_RECORDS SHOWN_:
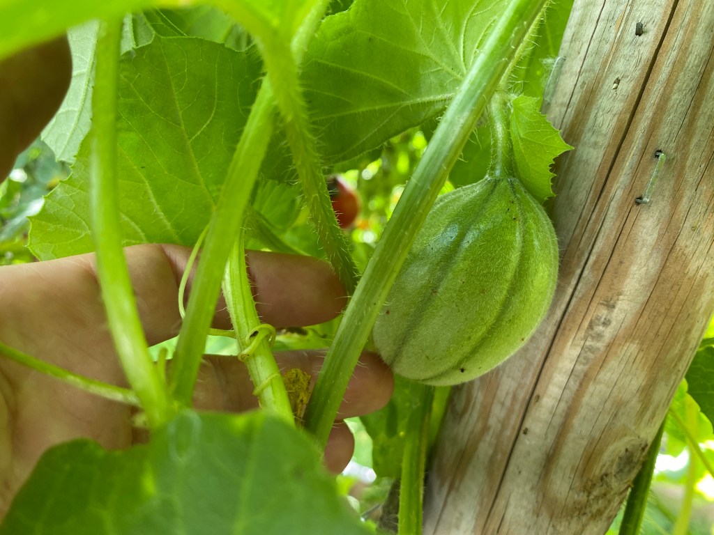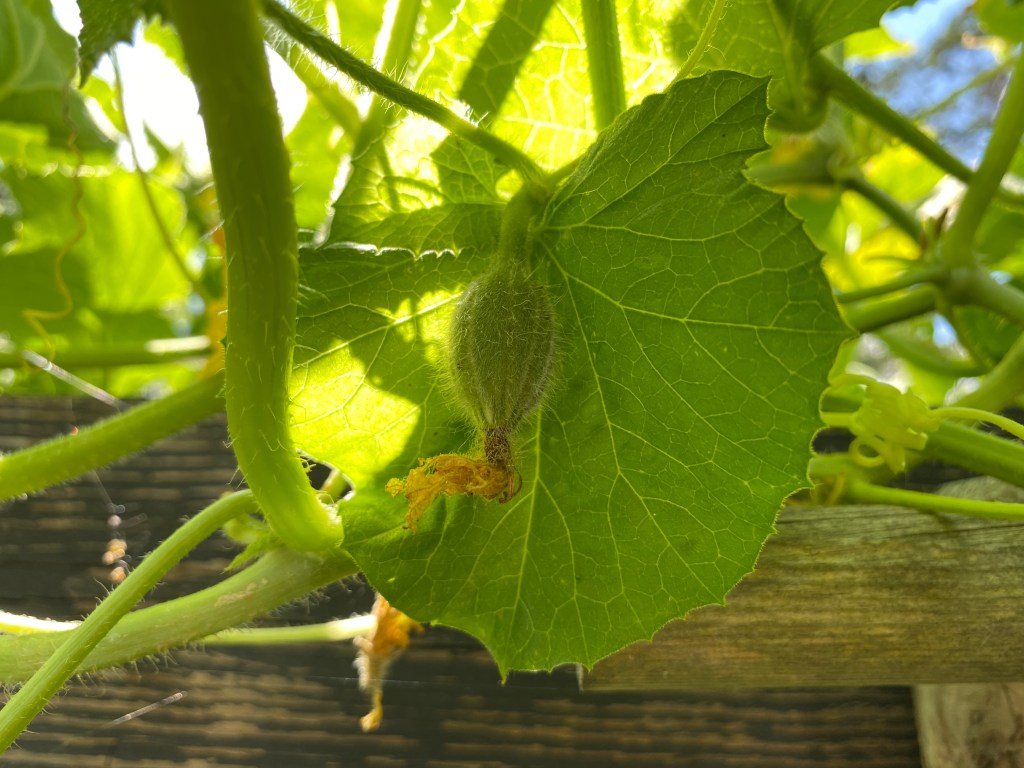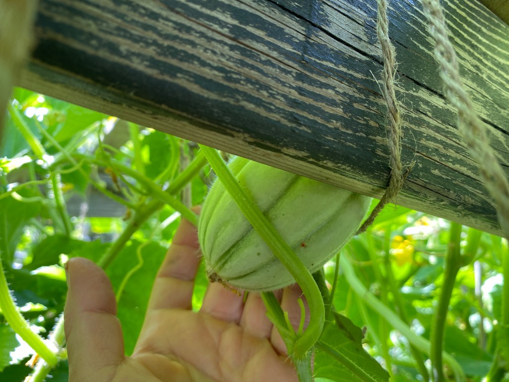 Dagens överraskning: nätmelonerna är på gång, ja på gång på riktigt. Trodde inte det skulle bli några eftersom de förgrenat sig och förgrenat sig och bara bildat nya blommor. Tänkt att jag nog borde tagit mig tid och klippt bort alla sidogrenar i början så lite gett upp hoppet. De står dessutom längst in i gurklandet bakom alla gurkplantorna. Jag har sett ett par små fruktämnen men inte haft så mycket hopp.,.
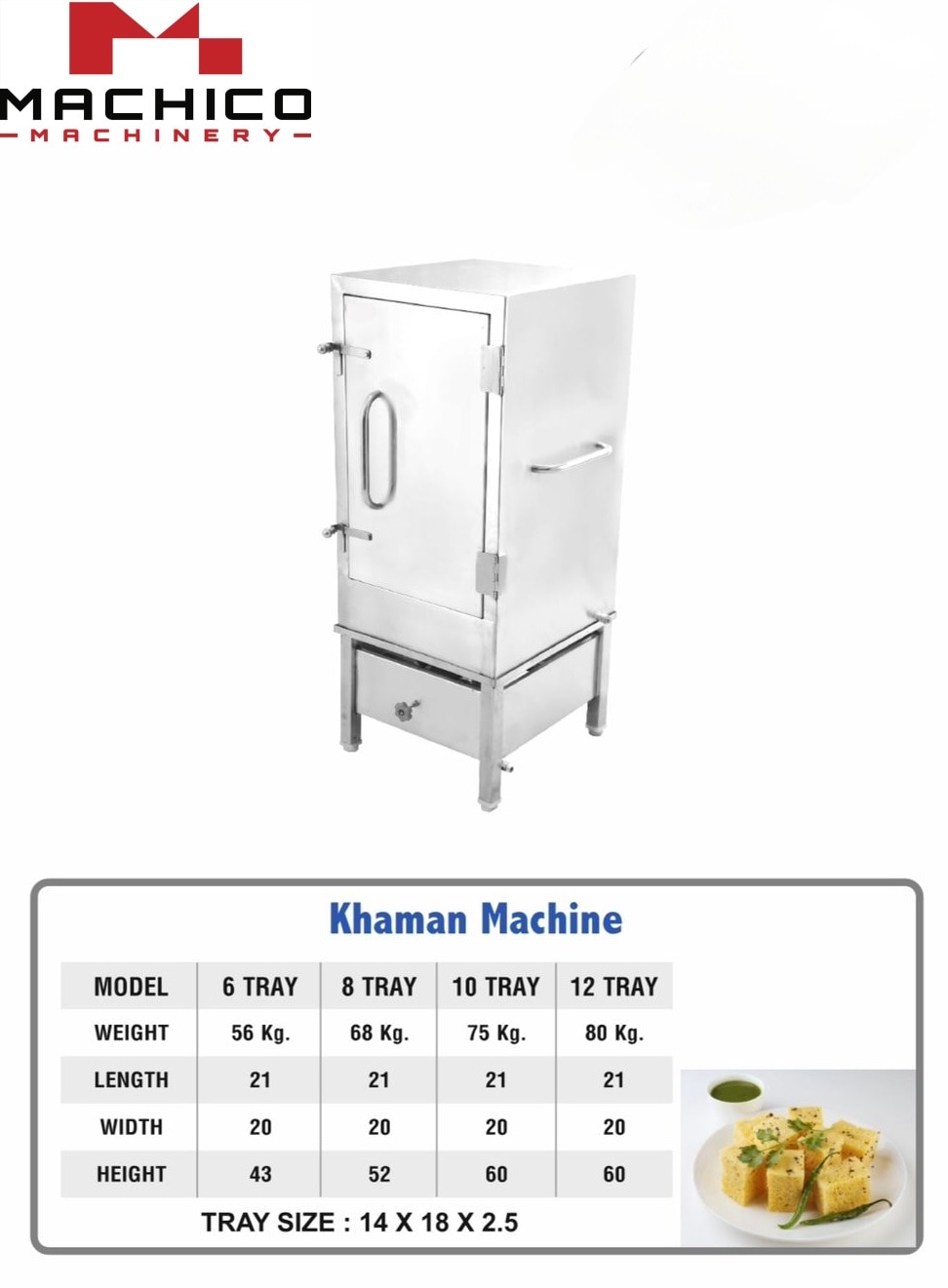 The Khaman Steamer by Machico Machinery is specially designed for preparing soft, spongy khaman in bulk with perfect consistency. Made from high-quality stainless steel, this machine is ideal for sweet shops, snack centers, and commercial kitchens. Available in 6 Tray and 10 Tray models, it meets both medium and large-scale cooking needs. 6 Tray Khaman Steamer – Perfect for medium-volume production in sweet shops and food stalls. 10 Tray Khaman Steamer – Ideal for high-demand kitchens, catering services, and bulk orders.
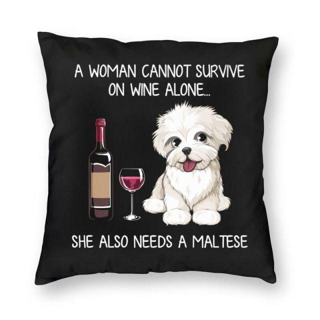 If you're a Maltese mom who also loves wine - then this most adorable throw pillow is for you!
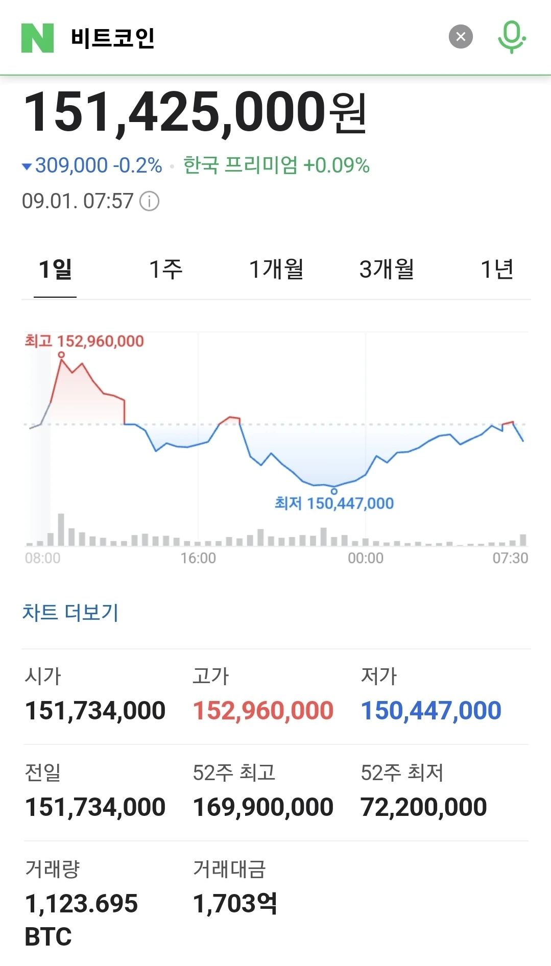 1) 비트코인, 0.59% 떨어진 1억4990만원
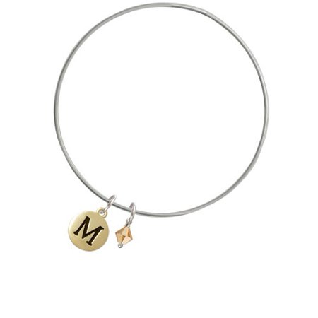 Capital Gold Tone Letter - M - Pebble Disc - Golden Bicone Bangle Bracelet. Gold Tone Charm. Charm size is approx. 0.59 x 0.50 x 0.09 inches (HxWxD) including loop. 1.8 mm Bangle Bracelet inside circumference is approx: 2.50 Inches. Hand wrapped crystal bicone is approx: 6mm. This Bangle looks wonderful alone or layered with other Bangles to match your style. Available in many colors. We are a family owned company in the U.S.A. since 1977. PLEASE NOTE: Our products are lead safe, but are not intended for children 14 years and younger.
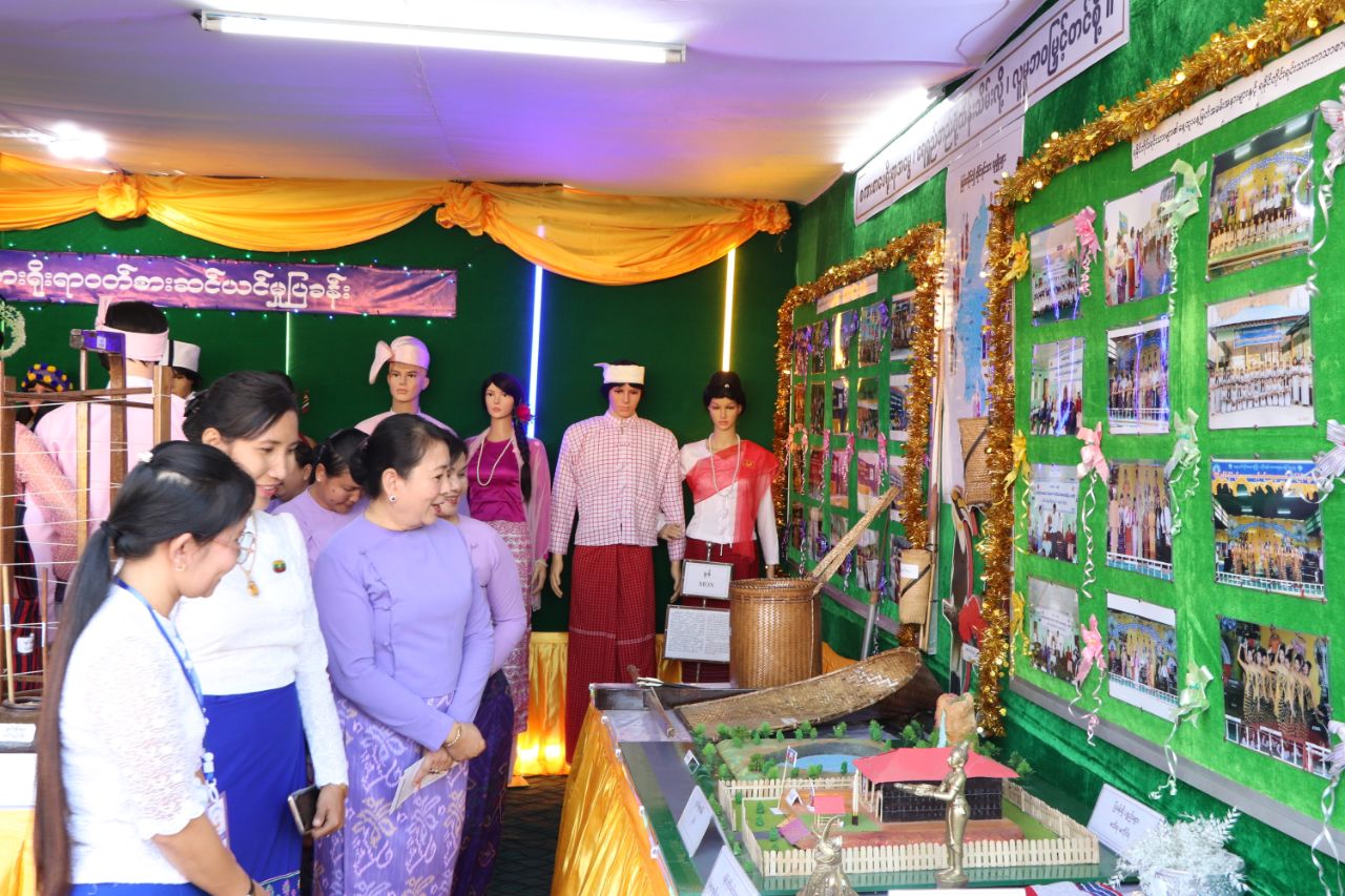 တိုင်းရင်းသားလူမျိုးများရေးရာဝန်ကြီးဌာနပြခန်းတွင် ကချင်၊ ကယား၊ ကရင်၊ ချင်း၊ ဗမာ၊ မွန်၊ ရခိုင်၊ ရှမ်း တိုင်းရင်းသားမျိုးနွယ်စုကြီး(၈)မျိုး၏ ရိုးရာဝတ်စား ဆင်ယင်ထုံးဖွဲ့မှုများ၊ ကရင်၊ ဗမာ၊ ချင်း၊ ရခိုင်တိုင်းရင်းသားတို့၏ရိုးရာအိမ်ပုံစံငယ်များ၊ တိုင်းရင်းသားများ၏ နေ့ထူးနေ့မြတ်အခမ်းအနား မှတ်တမ်းဓါတ်ပုံများနှင့် တိုင်းရင်းသားဘာသာစာပေသင်မွမ်းမံသင်တန်း ဖွင့်လှစ်သင်ကြားမှုမှတ်တမ်း ဓါတ်ပုံများ၊ ဝန်ကြီးဌာန၏ မျှော်မှန်းချက်(Vision) နှင့် ဦးစီးဌာန၏ဆောင်ပုဒ်များ၊ မြန်မာနိုင်ငံရှိ တိုင်းရင်းသားမျိုးနွယ်စု (၁၃၅) မျိုးစာရင်းများ၊ တိုင်းဒေသကြီး နှင့် ပြည်နယ်အတွင်း တိုင်းရင်းသား ဘာသာစာပေသင်ကြားခွင့်ရရှိသည့် စာပေ(၇၂)မျိုးစာရင်းများ၊ မြန်မာနိုင်ငံရှိ တိုင်းရင်းသားလူမျိုး များနေထိုင်ရာပြမြေပုံ၊ ကရင်ရိုးရာဖားစည်နှင့် အခြားရိုးရာတူရိယာအသုံးအဆောင်ပစ္စည်းများ၊ ရခိုင်ရိုးရာစည်တော်နှင့် အခြားရိုးရာတူရိယာအသုံးအဆောင်ပစ္စည်းများ၊ ချင်းတိုင်းရင်းသား ရိုးရာ တူရိယာအသုံးအဆောင်ပစ္စည်းများအား ခင်းကျင်းပြသဆောင်ရွက်ခဲ့ပါသည်။
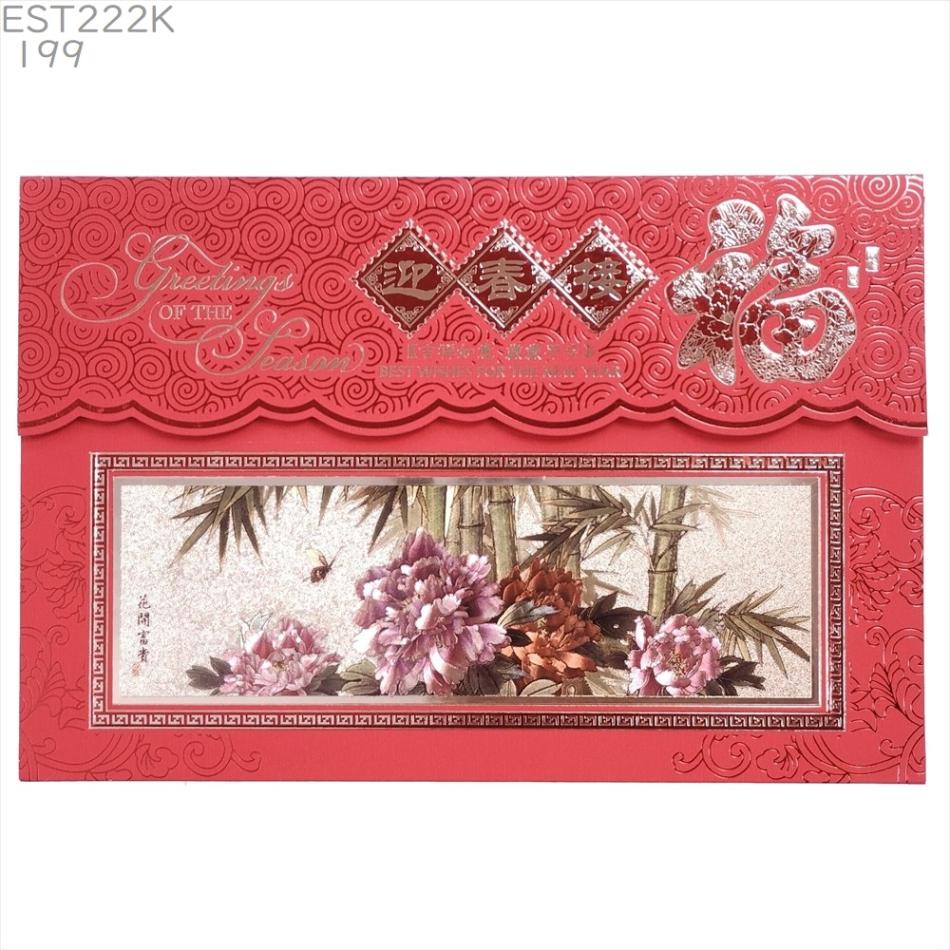中国 春節 年賀カード 新年 年賀状 大H189[横] 花枠封筒 新年快楽 2026年 正月 グリーティングカード 賀年片

_REQUIREMENT_: Beginning with the line holding "1) 비트코인, 0.59% 떨어진 1억4990만원" in the material above, restate word for word each line through the line holding "Capital Gold Tone", and exclude pictures.

_ANSWER SPACE_:
 1) 비트코인, 0.59% 떨어진 1억4990만원
 Capital Gold Tone Letter - M - Pebble Disc - Golden Bicone Bangle Bracelet. Gold Tone Charm. Charm size is approx. 0.59 x 0.50 x 0.09 inches (HxWxD) including loop. 1.8 mm Bangle Bracelet inside circumference is approx: 2.50 Inches. Hand wrapped crystal bicone is approx: 6mm. This Bangle looks wonderful alone or layered with other Bangles to match your style. Available in many colors. We are a family owned company in the U.S.A. since 1977. PLEASE NOTE: Our products are lead safe, but are not intended for children 14 years and younger.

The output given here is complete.